Moving forward, KCM’s strategy continues to be underpinned by vigorously pursuing higher operating productivity levels at the Konkola underground mine, more reliable TLP facility with potential to increase recoveries, increased usage of the smelter by processing third-party concentrates from Zambia and DRC, and improved cost-cutting measures.
There were no dividends declared during the year under review (2016: Nil).
Extract from 2018 ZCCM IH Annual Report
Chairman: E Silwamba; CEO: P Kasolo
Konkola Copper Mines (KCM) reported total revenue of K12,251.43 million (US$1,283.0 million) for the financial year ended 31st March 2018 [(2017:K8,621.47 million (US$874.3 million)]. The increase in revenue was attributed to higher metal prices and increased sales volumes. The net loss for the year was at K1,102 million (US$115.4 million) [(2017: K1,367.72 (US$138.7 million loss)]. Total finished copper production during the financial year increased by 9 percent to 195,300 tonnes for the year ending March 2018 (2017: 179 800 tonnes) compared to the previous financial year.
During the year under review, KCM mine metal production volumes remained subdued as lower feed grades and lower copper recoveries at the Tailings Leach Plant offset improvements in production output at both Nchanga and Konkola.
Moving forward, KCM’s strategy continues to be underpinned by vigorously pursuing higher operating productivity levels at the Konkola underground mine, improving recoveries at the Tailings Leach Plant facility, increasing utilisation of the smelter and cost containment.
There were no dividends declared during the year under review (2017: Nil).
Extract from 2019 ZCCM IH Annual Report
Chairman: E Silwamba; CEO: M Chipata
Konkola Copper Mines (KCM) reported total revenue of ZMW 12.25 billion (US$1,084.80 million) for the financial year ended 31 March 2019 {2018: ZMW12.2 billion (US$1,283.0 million}. The reduction in revenue was as a result of below budget custom production as well as below budget combined concentrate tonnage available for treatment in the smelter. This had an adverse impact on sulphuric acid production which in turn impacted on copper production at the Tailings Leach Plant. KCM’s total mine production for the year recorded at 177,035 tonnes (2018:144,664 tonnes). Loss after tax was ZMW3.72 billion (US$ 332.2 million) {(2018: ZMW1.102 billion loss(US$131.6 million))}
Operational challenges continued to impede production, however, management remains committed to providing resolutions to these issues. A study had been initiated to review operations at the Konkola operations with a view to upgrading production both at No. 3 shaft and No. 4 shaft in the medium term. Work at the No. 3 shaft is centred on upgrading pumping operations on the 985-metre level so that development work can be enhanced.
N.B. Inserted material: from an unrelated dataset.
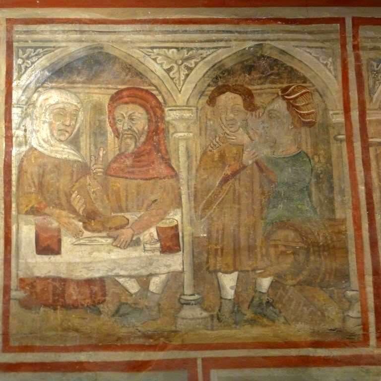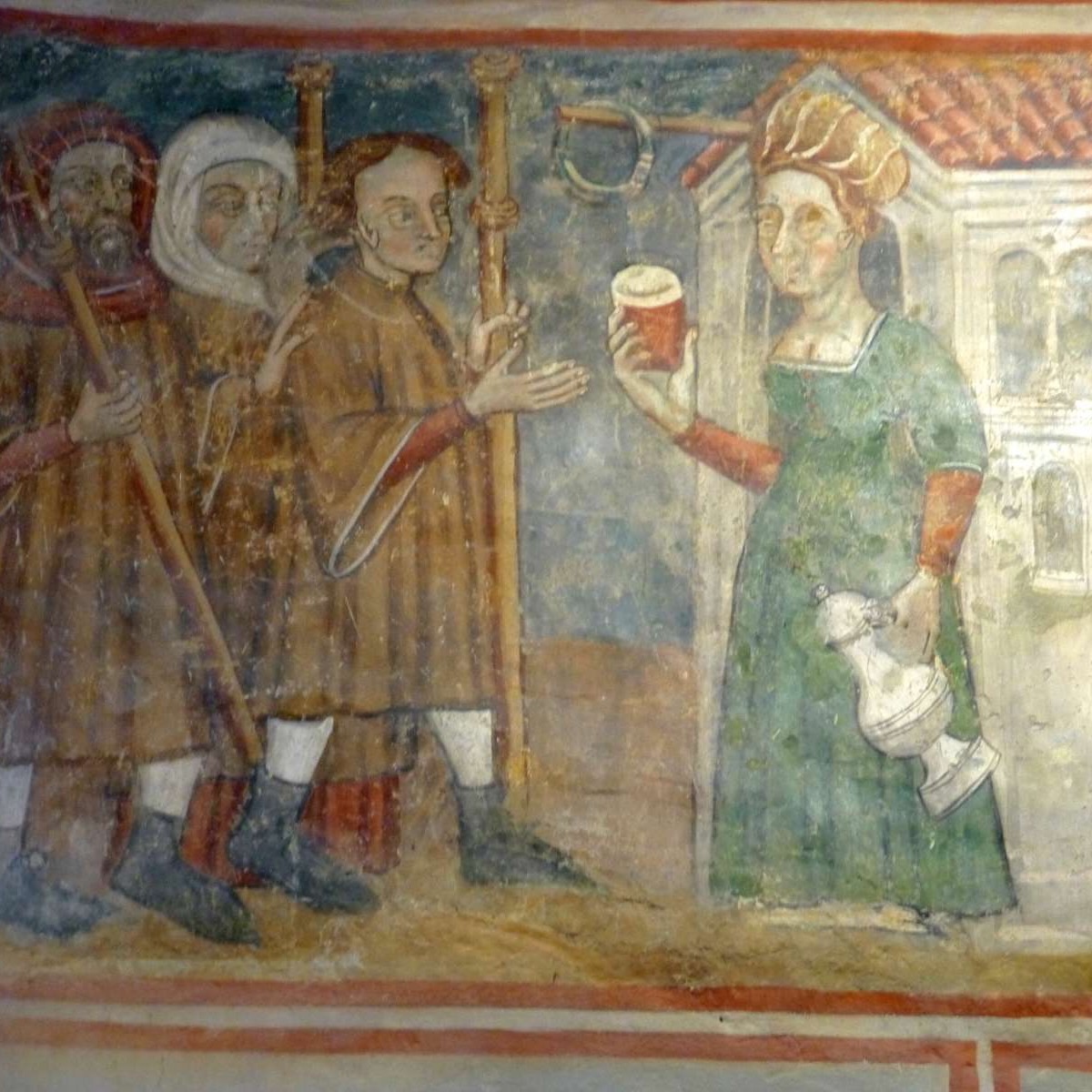 Nella cappella, il richiamo ai pellegrini ritorna sulla parete opposta con la storia suddivisa in nove riquadri del Miracolo “del pellegrino impiccato” di San Giacomo. Narra la leggenda che un giovane pellegrino, ingiustamente accusato da un oste di furto, venne per questo impiccato. Purtroppo l’ordine inferiore del “fumetto” è rovinato, ma sappiamo dalla leggenda che il giovane non morì perché san Giacomo lo sostenne fino al ritorno dei genitori. Il racconto termina con la “risurrezione” di due polli allo spiedo, che cantando accuseranno l’oste consegnandolo alla giustizia. Il racconto di questo miracolo – tra i più rappresentati del ciclo di San Giacomo – aveva forse lo scopo di mettere in guardia i pellegrini dagli albergatori senza scrupoli. Nel paese sottostante di La Bessée era a quei tempi famosa una locanda per le sospette sparizioni dei viaggiatori che vi soggiornavano.

This work ideally should result in an upgraded level of ore production over the two and half years.
There were no dividends declared during the year under review (2018: Nill)
Konkola Copper Mines Plc On 21 May 2019, ZCCM-IH filed a petition in the High Court of Zambia for the winding up of KCM. ZCCM-IH has filed the said petition pursuant to Section 56(1)(c) of the Corporate Insolvency Act No. 9 of 2017. By Order of the Court, Mr. Milingo Lungu Simwanza & Company has been appointed as provisional liquidator.